Work to be completed: The data below should be printed in full, exactly, and without any of its images.

Raw data:
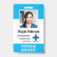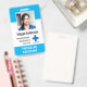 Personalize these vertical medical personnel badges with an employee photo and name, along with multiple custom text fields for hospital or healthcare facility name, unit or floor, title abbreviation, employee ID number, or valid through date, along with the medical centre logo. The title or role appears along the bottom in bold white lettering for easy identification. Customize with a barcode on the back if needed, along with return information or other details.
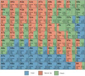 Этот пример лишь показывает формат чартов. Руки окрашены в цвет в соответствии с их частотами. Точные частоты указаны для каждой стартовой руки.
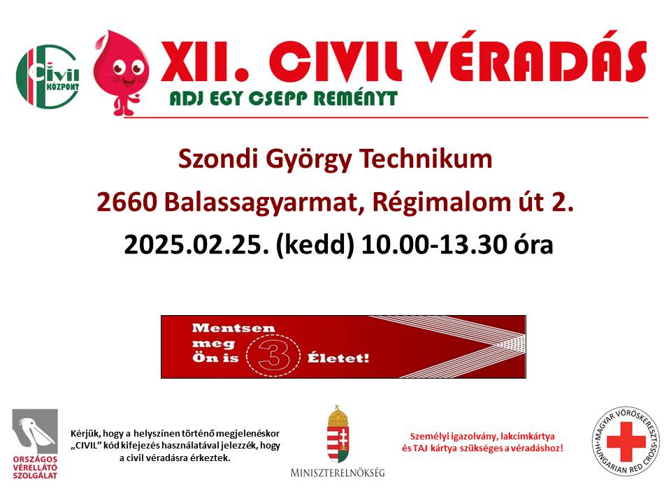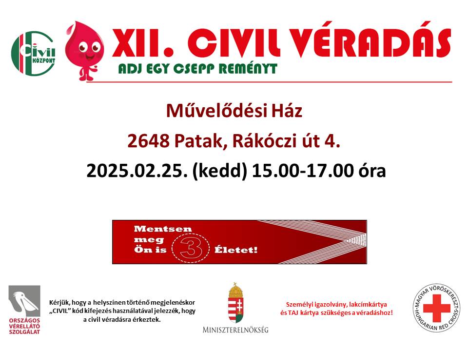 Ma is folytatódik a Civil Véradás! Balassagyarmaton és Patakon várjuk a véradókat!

Task solution:
 Personalize these vertical medical personnel badges with an employee photo and name, along with multiple custom text fields for hospital or healthcare facility name, unit or floor, title abbreviation, employee ID number, or valid through date, along with the medical centre logo. The title or role appears along the bottom in bold white lettering for easy identification. Customize with a barcode on the back if needed, along with return information or other details.
 Этот пример лишь показывает формат чартов. Руки окрашены в цвет в соответствии с их частотами. Точные частоты указаны для каждой стартовой руки.
 Ma is folytatódik a Civil Véradás! Balassagyarmaton és Patakon várjuk a véradókat!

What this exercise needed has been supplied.